I learned early on that it wasn’t a good idea to let my parents know what I wanted for my birthday or Christmas.
Seems paradoxical, doesn’t it? But my parents came from worlds completely different from mine, and making them understand mine was… well, if not always an exercise in futility, at least frequently not worth the tremendous effort. Plus, they tended to forget things within minutes after you’d told them, and they were prone to promise things and never deliver.
Thus, better not to say anything and get my hopes up. Whatever they thought to get would have to be fine.
They did OK, most of the time.  But I never told them about the things I really, really wanted. And thus my mother was astonished to hear, when I was in my fifties and she was past seventy, that I’d wanted a Vespa from the first day I’d seen it in the Sears store. What good would it have done to tell her? Besides the fact that I was eight years old at the time, the Vespa (“our finest motor scooter”) cost over $300 and it might as well have been three million bucks for all my parents could have afforded something like that. So, it took me 44 years to get the Vespa and surprise the dickens out of my mother.
In some ways, not telling people what I wanted was just an act of self-preservation. My father tended to laugh at things that were outside his own focus, or that seemed to him to be unsuitable for girls to be wanting. It’s hard for a kid to want something that your parents think is laughable.  My dad was the kind of guy who would buy me men’s socks with black and red bands around the top, to wear to school. He meant well. I rolled down the tops of the socks.
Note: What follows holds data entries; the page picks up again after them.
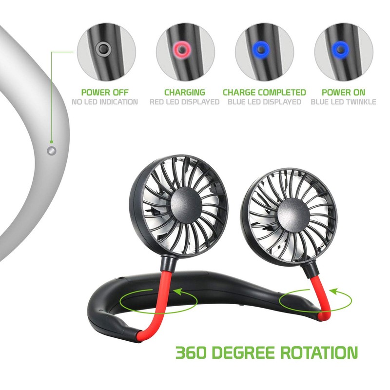 - Equipped with smart LED indicator lights. Red LED light is displayed when neck fan is charging, blue indicates fan is completely charged and blue blinking LED light indicates fan powered is on.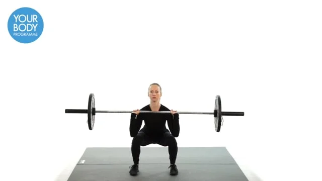 Stand feet shoulder width apart and hold a barbell to your shoulders. Bend the knees into a deep squat, push the bottom backwards and maintain neutral spine. As you straighten the legs, press the bar overhead. Make sure your knees track inline with your toes.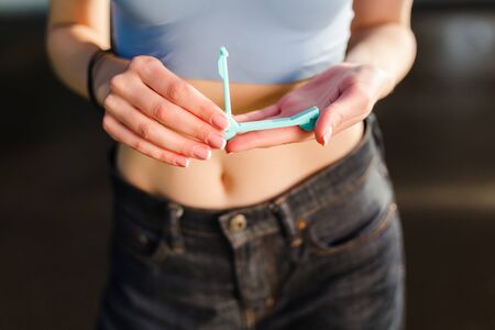 Woman's hands with nude manicure on blue background. Festive flat lay concept.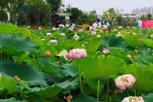 工程實行24小時全天作業(yè)。經(jīng)過緊張有序的施工建設,荷花種植面積共約619畝。計劃種植荷花約20萬株,荷花育苗工作已全面完成,絕大部分已長出嫩芽,成活率達99.9%。此外,涉水基礎(chǔ)項目水下主體已基本完工,光彩亮化項目預計6月底基本完工,市政、綠化項目的重要節(jié)點部分在7月底亮相。預計8月初向市民開放。

The first really “feminine” present he ever bought me, was a small bottle of Imprevu perfume when I got the second-highest score in the school on the National Merit test. I still have that bottle, perfume long since gone, carefully packed away as a reminder of something more than special.
But getting into a habit of silence like that isn’t good, in the long run, because then you feel uneasy about revealing what you’d like. Oh, the Amazon wish list makes it a bit easier, to be sure (and I go through mine on a regular basis and even buy myself stuff that’s on it from time to time) but not every place that has stuff that I covet has a wish list. So far, Amazon and the Duluth Trading Company are the only ones I’ve made. And after all these years I can’t just march up to my family and hand them a bunch of catalogs with stuff circled. I wish I could. But I can’t.
So I’m still being happy about whatever they pick. Sometimes that’s easy, sometimes not. And I just buy myself the stuff I really covet, now and again, when the time seems right.